A New Era of Biology
In the 1990s, biology began to undergo a transformation unlike anything in its history.
Launched in 1990 and completed in 2003, the Human Genome Project produced the first sequence of the entire human genome: 2.85 billion nucleotides spanning ~20,000–25,000 protein-coding genes.
The human genome printed in a series of books more than a thousand pages each, in type so small it is barely legible. Source: Wikipedia/Russ London
For the first time, biology had the blueprint for an entire organism, but the impact of the Human Genome Project went far beyond the genome itself.
Biology Becomes a Data Science
As the Human Genome Project unfolded:
Computers were rapidly becoming more powerful
New sequencing technologies were being invented and improved almost yearly, making data generation faster and cheaper
Entirely new fields such as computational biology and bioinformatics emerged because the volume of data far exceeded what humans could analyze manually
All of a sudden, the tools required to do biology changed almost overnight. Biologists needed to learn technologies and methods once associated only with computer science:
Linux and the command-line interface — because sequencing data no longer fit on personal computers
Python — to analyze datasets too large for Excel or point-and-click interfaces
Common biological data formats such as FASTA, FASTQ, SAM/BAM, and VCF — the new “language” of biology
Git & Version Control — to collaborate across institutions and ensure reproducibility of analyses
Containerization — to package scientific software so it can run anywhere
High-performance computing (HPC) — to run computationally demanding genome assemblies, alignments, simulations, and machine learning models too large for personal computers
Artificial intelligence — emerging methods that now drive breakthroughs across all domains of science
In short, biology became a computational science, and the next era of biological discovery will come from researchers who can move fluently between data analysis, computer science, and biological insight.
Where This Course Fits In
This is one of the most exciting moments in the history of biology.
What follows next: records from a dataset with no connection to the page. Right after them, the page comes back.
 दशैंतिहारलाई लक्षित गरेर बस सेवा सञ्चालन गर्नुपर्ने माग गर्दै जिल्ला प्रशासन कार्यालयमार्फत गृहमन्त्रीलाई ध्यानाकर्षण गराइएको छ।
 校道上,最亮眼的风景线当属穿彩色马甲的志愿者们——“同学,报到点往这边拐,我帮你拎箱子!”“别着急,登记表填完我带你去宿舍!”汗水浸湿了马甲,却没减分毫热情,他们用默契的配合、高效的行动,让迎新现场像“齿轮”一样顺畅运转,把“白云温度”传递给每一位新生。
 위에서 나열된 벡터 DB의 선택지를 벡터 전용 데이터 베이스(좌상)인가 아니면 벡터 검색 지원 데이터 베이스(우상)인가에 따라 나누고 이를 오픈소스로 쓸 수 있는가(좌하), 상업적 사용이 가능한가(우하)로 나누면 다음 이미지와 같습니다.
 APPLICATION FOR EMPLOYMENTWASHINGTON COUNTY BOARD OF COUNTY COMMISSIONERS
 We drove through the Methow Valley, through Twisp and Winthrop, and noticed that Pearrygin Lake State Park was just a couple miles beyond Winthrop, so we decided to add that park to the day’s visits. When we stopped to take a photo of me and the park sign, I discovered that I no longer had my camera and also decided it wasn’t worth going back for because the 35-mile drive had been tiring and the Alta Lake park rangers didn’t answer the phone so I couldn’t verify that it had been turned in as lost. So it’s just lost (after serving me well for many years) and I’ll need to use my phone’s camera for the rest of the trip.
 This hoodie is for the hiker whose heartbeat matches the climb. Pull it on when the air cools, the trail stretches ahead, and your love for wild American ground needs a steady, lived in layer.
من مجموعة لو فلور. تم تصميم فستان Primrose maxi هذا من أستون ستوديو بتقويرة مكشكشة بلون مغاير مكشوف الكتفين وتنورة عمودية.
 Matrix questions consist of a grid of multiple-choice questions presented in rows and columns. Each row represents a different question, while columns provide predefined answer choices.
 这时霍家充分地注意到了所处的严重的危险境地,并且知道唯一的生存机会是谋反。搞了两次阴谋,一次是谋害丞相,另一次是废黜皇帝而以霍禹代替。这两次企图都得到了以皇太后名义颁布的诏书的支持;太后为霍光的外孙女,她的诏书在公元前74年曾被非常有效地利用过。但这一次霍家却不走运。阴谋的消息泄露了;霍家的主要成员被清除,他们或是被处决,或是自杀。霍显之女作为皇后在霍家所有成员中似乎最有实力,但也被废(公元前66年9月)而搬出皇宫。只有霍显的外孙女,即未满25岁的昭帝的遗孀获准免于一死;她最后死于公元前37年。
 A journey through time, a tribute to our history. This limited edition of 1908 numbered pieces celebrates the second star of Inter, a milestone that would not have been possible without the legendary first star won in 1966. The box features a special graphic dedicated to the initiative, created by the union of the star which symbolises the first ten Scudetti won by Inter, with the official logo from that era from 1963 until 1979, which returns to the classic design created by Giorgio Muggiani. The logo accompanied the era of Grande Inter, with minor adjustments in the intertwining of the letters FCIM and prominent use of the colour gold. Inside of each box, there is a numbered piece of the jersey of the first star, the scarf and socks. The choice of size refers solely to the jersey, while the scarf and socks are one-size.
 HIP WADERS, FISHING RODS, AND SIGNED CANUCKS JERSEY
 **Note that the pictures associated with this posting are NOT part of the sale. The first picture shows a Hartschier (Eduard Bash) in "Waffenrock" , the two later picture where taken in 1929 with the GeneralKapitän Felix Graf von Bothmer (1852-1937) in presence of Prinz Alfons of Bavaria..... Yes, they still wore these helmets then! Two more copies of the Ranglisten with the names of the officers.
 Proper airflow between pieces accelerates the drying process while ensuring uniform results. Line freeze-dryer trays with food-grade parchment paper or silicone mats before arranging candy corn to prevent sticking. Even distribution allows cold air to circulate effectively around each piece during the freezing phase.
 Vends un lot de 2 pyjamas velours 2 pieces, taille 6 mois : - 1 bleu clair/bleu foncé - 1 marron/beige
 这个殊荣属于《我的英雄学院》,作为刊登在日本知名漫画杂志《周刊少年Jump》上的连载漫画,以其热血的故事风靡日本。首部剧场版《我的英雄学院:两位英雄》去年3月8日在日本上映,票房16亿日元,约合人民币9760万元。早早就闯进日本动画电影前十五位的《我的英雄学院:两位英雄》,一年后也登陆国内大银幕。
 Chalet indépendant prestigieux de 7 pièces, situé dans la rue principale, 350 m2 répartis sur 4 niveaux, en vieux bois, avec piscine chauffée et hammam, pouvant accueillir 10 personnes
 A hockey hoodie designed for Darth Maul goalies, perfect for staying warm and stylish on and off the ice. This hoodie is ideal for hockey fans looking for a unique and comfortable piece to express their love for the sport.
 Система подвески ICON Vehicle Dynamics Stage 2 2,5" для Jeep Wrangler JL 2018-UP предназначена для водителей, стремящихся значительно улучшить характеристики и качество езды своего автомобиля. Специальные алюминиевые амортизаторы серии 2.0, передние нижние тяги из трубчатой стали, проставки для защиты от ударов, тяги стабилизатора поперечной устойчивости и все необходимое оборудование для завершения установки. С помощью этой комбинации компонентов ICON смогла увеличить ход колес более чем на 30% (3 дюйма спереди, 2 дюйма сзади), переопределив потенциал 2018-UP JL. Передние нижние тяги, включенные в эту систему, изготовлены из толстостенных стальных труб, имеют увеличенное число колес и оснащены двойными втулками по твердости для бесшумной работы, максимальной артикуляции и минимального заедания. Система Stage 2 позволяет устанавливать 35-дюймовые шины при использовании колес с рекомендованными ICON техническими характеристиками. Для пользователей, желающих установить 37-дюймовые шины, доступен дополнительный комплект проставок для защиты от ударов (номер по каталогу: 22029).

Just a few years ago in 2020, the protein folding problem — a grand challenge that had stumped scientists for over 50 years — was finally solved by AlphaFold2, a revolutionary AI system that can predict protein structures with near-experimental accuracy.
Comparison between experimentally determined protein structures (green) and predictions made by AlphaFold2 (blue), indicating the remarkable accuracy of AI-based computational methods in protein structure prediction. Source: GitHub/Google-Deepmind
AlphaFold unlocked a completely new way of doing structural biology, and the possibilities of biological research are expanding faster than ever. Those who understand computational methods will be well-positioned at the forefront of discovery.
This course is designed to equip you with the necessary tools and skills required for modern biological research. Whether your interests lie in genomics, ecology, neuroscience, medicine, microbiology, or biotechnology, the computational foundations you build here will prepare you for how biological research is done in practice.
Over the course of the semester, you will understand not only why biology requires HPC, but also how to use it to solve real scientific problems.
You will learn how to:
Analyze real genomics, transcriptomics, and medical datasets using command-line and Python tools
Work with core bioinformatics file formats (FASTA, FASTQ, SAM/BAM/VCF) and understand how data flows through computational pipelines
Use Git and GitHub for version control, collaboration, and managing computational workflows
Package and share scientific software using containers
Deploy an interactive scientific dashboard similar to those used by active research labs for real-time analysis and visualization
… and much more!
Attention
Reminder: If you haven’t already, please send the required email to the course instructors (see instructions at the beginning of this document). This email includes your name, EID, TACC username, and answers to the programming experience and course goals questions.
This email counts as your first homework assignment, so please complete it as soon as possible.